In Circom, this occurs when a signal is assigned with <-- (computation only) instead of <== (computation + constraint). The <-- operator populates the witness but generates no R1CS constraint. The honest witness generator will compute the correct value, but a malicious prover can substitute any field element.

5.2 Missing Range Checks

Arithmetic in R1CS operates over F_p, where p is typically a 254-bit prime (the BN254 scalar field, p ≈ 2^254). When a circuit intends for a signal to represent, say, an 8-bit unsigned integer, it must explicitly constrain the signal to lie in [0, 2^8 - 1]. Without this range check, the signal can take any value in F_p, and field arithmetic wraps modulo p.
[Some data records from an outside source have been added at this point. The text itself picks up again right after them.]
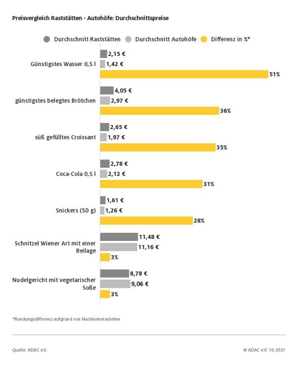 Der ADAC hat die Preise von 70 Raststätten und Autohöfen an deutschen Autobahnen verglichen. Das Ergebnis: Von 14 untersuchten Produkten waren 13 im Durchschnitt an Raststätten teurer. Die 0,5-Liter-Wasserflasche lag beispielsweise 51 Prozent über dem Preis der Autohöfe. Das belegte Brötchen, ein süß gefülltes Croissant und eine Flasche Cola waren im Durchschnitt in der Raststätte ca. ein Drittel teurer. Allerdings muss für die Anfahrt des Autohofes die Autobahn verlassen werden.
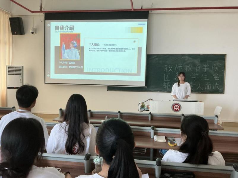 考核正式开始,候选人们依次上台进行自我介绍,结合PPT图文并茂地展示了个人的特色、工作经验及竞选优势等,并阐述了对未来团学工作的设想和规划,致力于建设服务同学、团结集体的学生组织。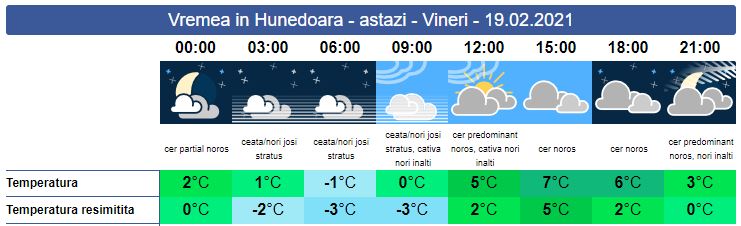 Vineri, cerul va fi mai mult noros. Soarele răsare la ora 07:23. Dimineața, în zonele joase se va înregistra ceață. Vremea se încălzește peste normalul perioadei. La munte, pe creste va ninge. Vântul va sufla slab spre moderat. Soarele apune la ora 18:31. Temperaturile minime se vor situa între -1 și 3 grade, iar cele maxime între 5 și 7 grade.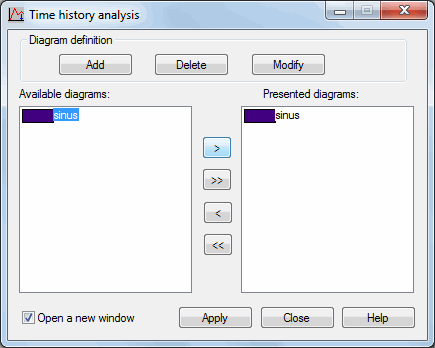 After defining diagrams and transferring them to the Presented diagramspanel, click Apply to display selected diagrams in a window. An example of a diagram for a time history analysis case is in the following image.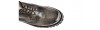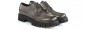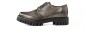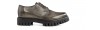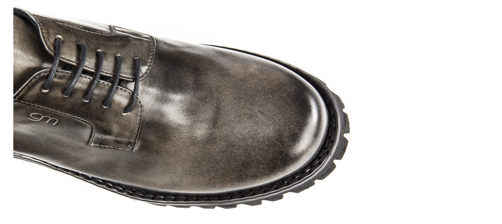 Elevator derby shoe with a casual and contemporary design made of fine burnished gray full-grain leather buffed by hand and lug striped black sole in natural rubber.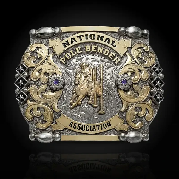 The lettering, figure, stone, and enamel color details are fully customizable, making the Eastvale Belt Buckle a versatile option for awards, associations, events, or any special occasion.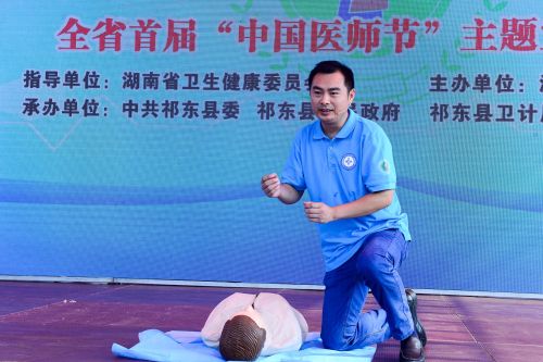 2018年9月5日,祁东县人民医院加入湖南省人民医院集团一周年庆典暨“健康湖南‘救'在身边”——现场救护第一目击者行动祁东站活动分别在县人民医院和县政府广场举行,祁东方言版“急救歌”首次发布,由祁东县人民医院医护人员和蓝天救援队志愿者、广场舞大妈、学生们表演的急救广场舞同时上演……
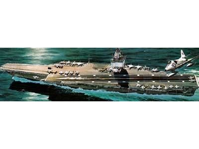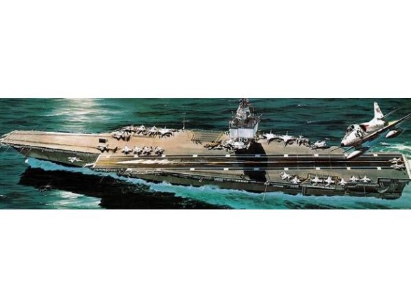 The nuclear-powered Enterprise is the first aircraft carrier of its kind and counts among the largest vessels ever built. The gigantic aircraft was put into service on 25.11.1961. Eight watercooled reactors generate a total power output of 300,000 HP with which the vessels achieves an average speed of 35 knots. She displaces 75,700 tons. The aircraft deck measures 76.8 m in width. On average there are 414 officers and 4260 crew on board. Since her nuclear power system makes the Enterprise independent of external supplies, it was possible to provide large fuel depots for the ship's aircraft. The largest and most modern aircraft of the US Navy can be operated from the Enterprise.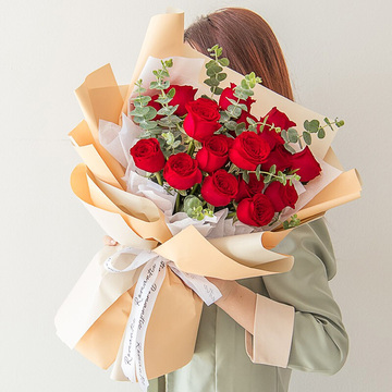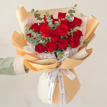 淡黄色欧雅纸层次扇形包装,白色缎带束扎花语:完美的一天,只需要扬起你的嘴角,带着我的爱,大步向前走。附送: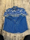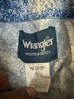 This Vintage Wrangler Shirt is a men's size XL with a Western Aztec print and pearl snap closures. The shirt features a collared neckline with a point collar style, long sleeves, and a regular fit. Made of cotton knit fabric, it is designed for all seasons and easy care, with a blue geometric pattern. This hipster Western shirt from Wrangler is perfect for travel, casual wear, or workwear, adding a touch of cowboy, Aztec, and bohemian style to any outfit.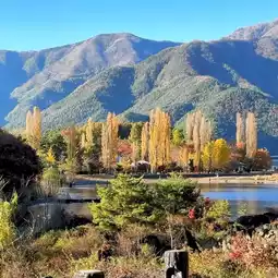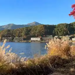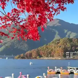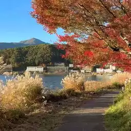 #September Destinations 2025 A late autumn afternoon 🌤️ Funatsuhama Onsen Town is just the right amount of quiet 💫 A stroll along the shores of Lake Kawaguchi 👣 The red maple leaves and golden ginkgo leaves intertwine to form a corridor 🍁 Dappled sunlight falls like a gentle filter ✨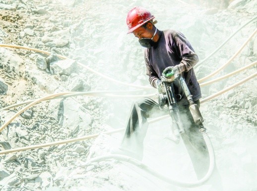 7月25日上午10时50分,湘西经开区双河文教卫新区PPP项目工地上,风炮工人在进行钻凿炮眼施工。天气炎热,该区结合实际,及时调整了各项目工地工人作息时间,确保施工安全。(图/刘振军 张术杰)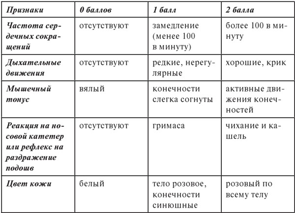 • Состояние новорожденного врач-неонатолог оценивает по 5 показателям: дыханию, сердцебиению, мышечному тонусу, рефлексам и цвету кожных покровов.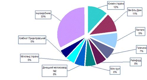 предприятий не занимает крупную долю на рынке. Для рынка молочной продукции в

A range check for n bits requires constraining a signal v by decomposing it into bits b_0, …, b_{n-1} and enforcing:

Each b_i is binary: b_i * (1 - b_i) = 0
The bits reconstruct v: Σ b_i * 2^i = v

This costs n constraints. The temptation to omit range checks for “obviously small” intermediate values is a frequent source of bugs. The BigMod vulnerability in circomlib involved exactly this: a quotient signal in modular reduction was not range-checked, allowing values larger than the modulus that caused the modular arithmetic to produce incorrect results.

5.3 Nondeterministic Witness Computation

Some circuits use the witness generator to compute values that are difficult to express as constraints — integer division, modular inverses, or conditional branching. The constraints then verify the result rather than the computation. This is correct when the verification constraints fully determine the result, but bugs arise when they do not.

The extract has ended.